SALES GROWTH
INCREASE IN CURRENT OPERATING RESULT
| Consolidated data (€ millions) | 2018 | 2017 | Change | Change (like-for-like) * |
|---|---|---|---|---|
| Sales | 1,126.7 | 1,089.4 | +3.4% | +5.2% |
| Current operating result | 177.8 | 174.7 | +1.8% | +8.2% |
| Net profit | 140.4 | 157.7 | -11.0% | |
| Corrected net profit** | 148.1 | 135.6 | +9.2% |
* Changes at constant scope and exchange rates
** Amounts adjusted to reflect both non-recurring operating charges and income and tax allowances recorded over the previous financial year (see comments on the Results).
Note 1: Figures for the 2017 financial year have been restated in accordance with international accounting standard IFRS 5 and for comparison purposes, following the change in the control and governance methods of the Chinese subsidiary Dooya (exit from the full scope of consolidation and consolidation under the equity method).
Note 2: Since the 2018 financial year, sales have been calculated using international accounting standard IFRS 15 (Revenue from Contracts with Customers). It had no material impact on the 2018 financial statements.
Sales
Group sales were €1,126.7 million over the year just ended, an increase of 3.4% after the restatement resulting from the change in the consolidation method of Dooya and 5.2% on a like-for-like basis.
This performance was achieved after strong growth in the previous financial year. It reflects both the strong performance of historical markets, such as Benelux, France, the United Kingdom and Scandinavia, and the momentum of new markets, such as India, Hungary, Poland, the Czech Republic and Russia.
The sales of the now equity-accounted Dooya totalled €178.0 million, an increase of 9.4% in real terms and 12.0% on a like-for-like basis.
Results
The current operating result for the financial year stood at €177.8 million, up 1.8% based on a like-for-like consolidation method, equating to 15.8% of sales in spite of adverse foreign exchange effects costing €10.6 million. It would have totalled €189.1 million, up 8.2% and equating to 16.5% of sales on a like-for-like basis.
This 50-basis point increase in the current operating margin[1] on a like-for-like basis was the result of business growth and an improvement in the gross profit margin driven by healthy sales prices, and higher raw materials costs offset by productivity gains.
At the same time, overheads increased due to continued investment in research and development and participation in major industry events (the CES trade show in Las Vegas and R+T in Stuttgart).
Net profit fell 11.0% to €140.4 million.

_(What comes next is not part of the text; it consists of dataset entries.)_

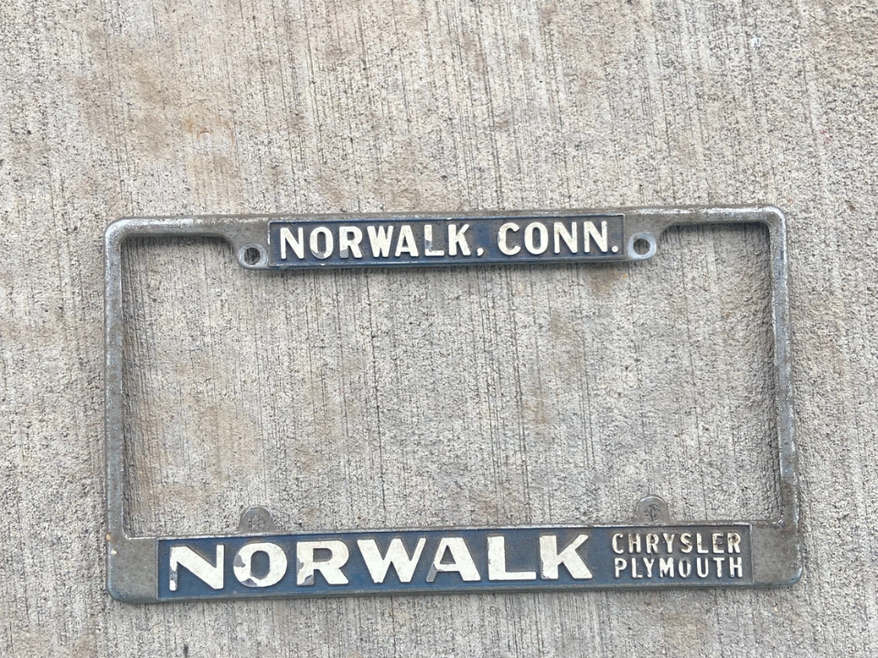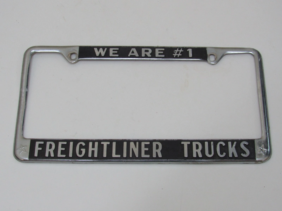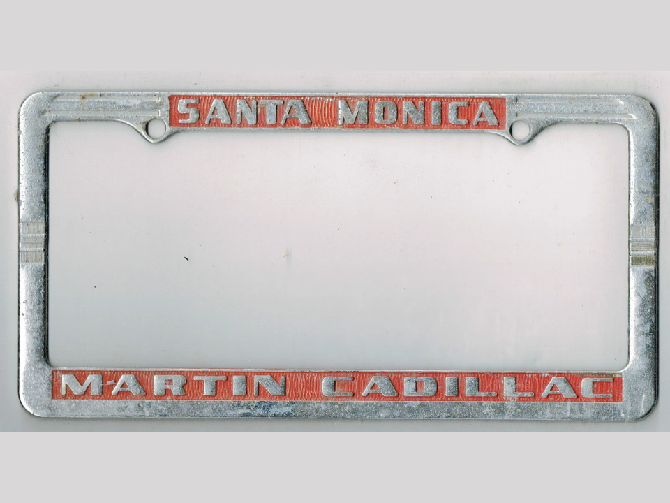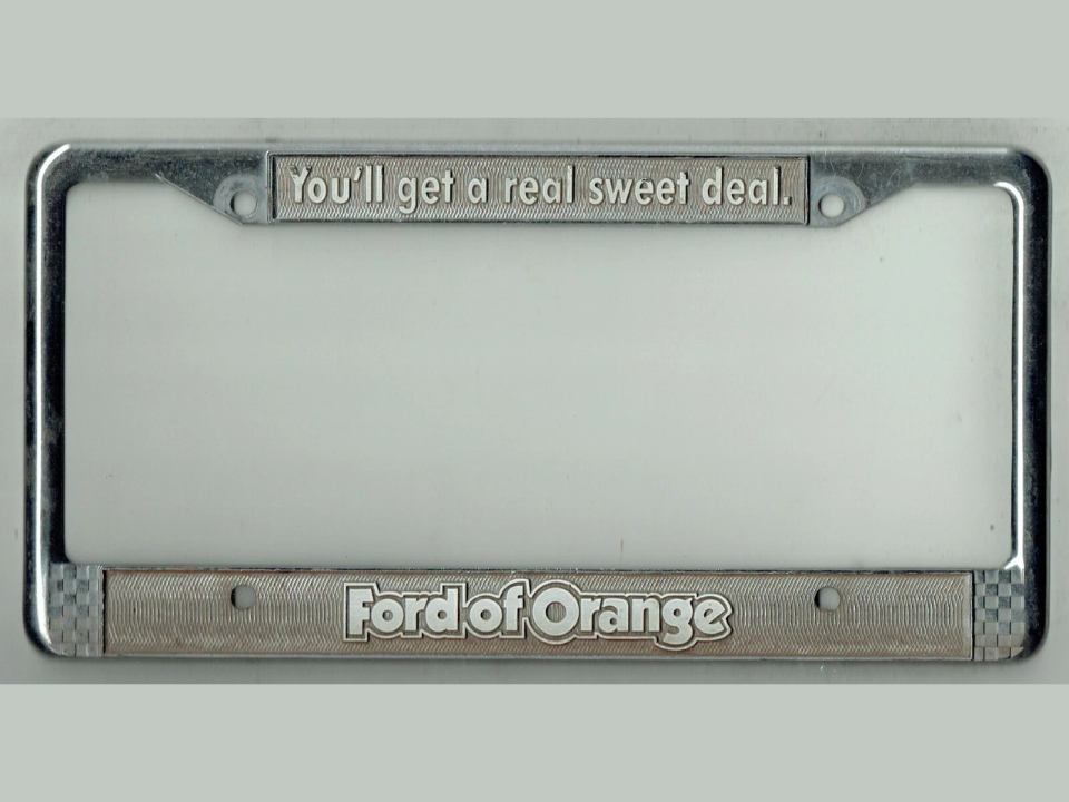 Ce cadre était distribué par un concessionnaire Ford aux clients qui achetaient des voitures neuves dans les années 1960. Il porte le nom du revendeur estampé sur le dessus et une finition chromée qui s’est émoussée avec le temps. Les personnes qui collectionnent des souvenirs automobiles apprécient leur lien avec un lieu et une époque spécifiques de l’histoire des ventes automobiles.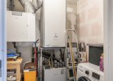 De inpandige berging is voorzien van de opstelling voor de bodemwarmtepomp, elektrische boiler, WTW-installatie, aansluiting voor wasmachine/wasdroger en voldoende bergruimte.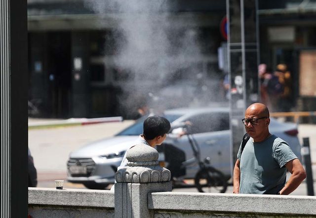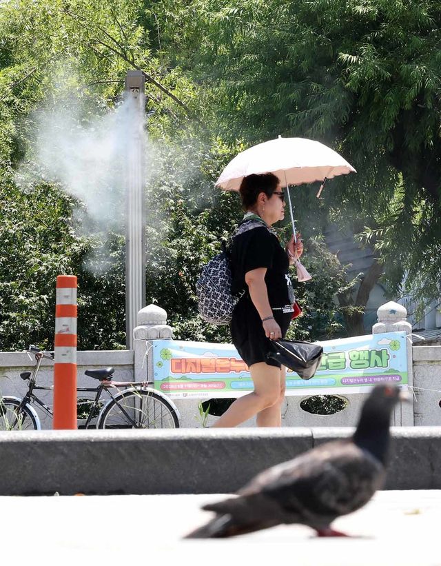 연일 폭염이 이어지고 있는 11일 경기 수원시 팔달구 지동교에서 쿨링포그가 가동되고 있다. / 뉴스1
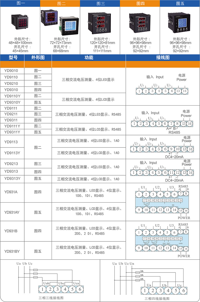 YADA/雅达的通用测试附件雅达/YADA三相交流电压数显表,YD9313Y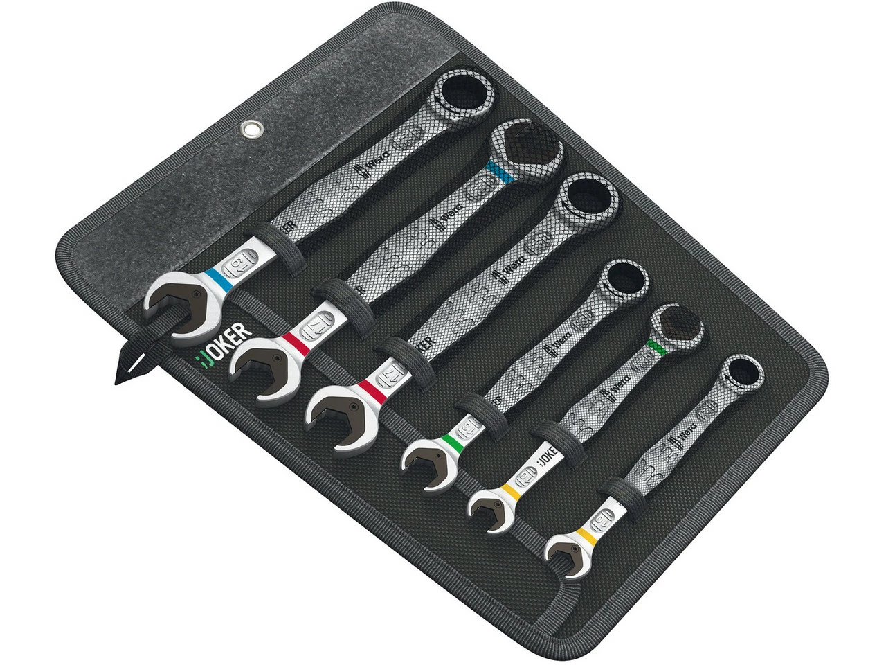 Lieferumfang:4 x Maul-Ringratschenschlüssel Wera Joker (10 / 13 / 17 / 19)2 x Doppelmaulschlüssel Wera Joker Double (10 / 17)1 x Aufbewahrungstasche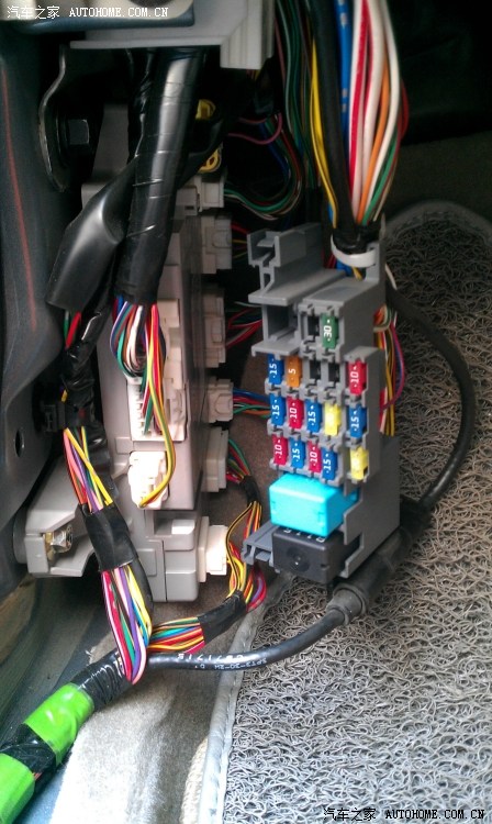 拿掉塑料盖板,路出了无数的电线和插满保险丝的保鲜盒和控制车门锁车门窗的行车舒适电脑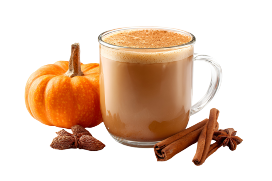 Delightful pumpkin spice latte with whipped cream beside a small pumpkin and cinnamon sticks isolated on transparent background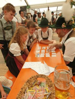 Stark vertreten waren diverse Handarbeiten wie Federkielstickerei, Gold- und Farbstickerei, Teppich-Handweberei, Faltkunst mit Papier, Harfenbau, Hirschhornschnitzerei, Spanschachteln bemalen, Hand-Stoffdruck, Töpferei, Kerzenkunst, Korbflechterei, Zirbenholzprodukte, Möbelrestauration oder Rostdeko für Haus-und Garten. Stände mit Handwerkskunst, die heute nur noch von wenigen ausgeübt wird, fanden bei den Besuchern großes Interesse. Ein Schumacher zeigte, wie man Schuhe von Hand anfertigt, eine Hutmacherin, wie bis zu 140 Jahre alte Priener Hüte restauriert werden oder wie Trachtenbeutel händisch genäht und bestickt werden, eine Bortenmacherin führte das Brettchenweben vor und hatte dafür ihren Webstuhl und viele Muster mitgebracht. Groß war der Andrang auch bei einem Stand, wo Kindern und Erwachsenen unentgeltlich Flechtfrisuren gezaubert wurden. Vom Bezirk Oberbayern war das Zentrum für Volksmusik, Literatur und Popularmusik mit einem Stand vertreten. Volksmusikpfleger Leo Meixner beantwortete die vielen Fragen der Besucher und lud am Sonntag zur Mittagszeit im Marktzelt zu einer öffentlichen Singstunde ein. Am Stand des Fördervereins für Baierische Sprache und Dialekte konnte man seine Bairisch-Kenntnisse testen, am Stand des Sachgebiets „Mundart-Brauchtum-Laienspiel“ des Gauverbandes I bei einem Fragespiel mit Glücksrad und einem Monopoly-Brauchtumsspiel mitmachen. Kleine Gewinne belohnten die richtigen Antworten oder Begriffe. Auch das Schafkopfspielen konnte erlernt werden.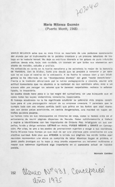 Mario Milanca Guzmán [artículo] Marcelo Coddou.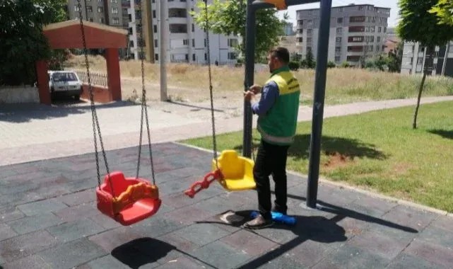 Karaköprüdeki parklarda aydınlatma direkleri ve çocuk oyun gruplarında bakım ve onarım

It takes into account a significant negative balance of non-recurring operating expenses and income, primarily due to costs associated with the termination of a project in China, and an automatic increase in the income tax charge given the tax reliefs of €22.3 million recorded over the previous financial year.
Restated for the above-mentioned items, net profit stood at €148.1 million, an increase of 9.2%.
Ultimately, the return on capital employed held firm at the very healthy level of 20.4%[2].
[2] The return on capital invested or employed (ROCE) is equal to the ratio between current operating result, after normative tax, and the sum of shareholders’ equity and net financial debt.
Financial position
The balance sheet remained very strong, with equity that increased to €894.4 million.
The net financial surplus[3] totalled €222.4 million, an increase of €117.8 million, including €42.1 million in respect of the change in Dooya’s consolidation method.
Dividends
The Management Board will propose the payment of a dividend of €1.4 per share at the next Annual General Meeting, an increase of 7.7% compared with the dividend paid last year.
Outlook
The home motors and automation market remains structurally buoyant as a result of growing consumer demand for comfort and security, and growing public awareness of energy and environmental challenges. A short-term slowdown cannot however be ruled out, on account of the increase in economic uncertainties and geopolitical risks throughout the world.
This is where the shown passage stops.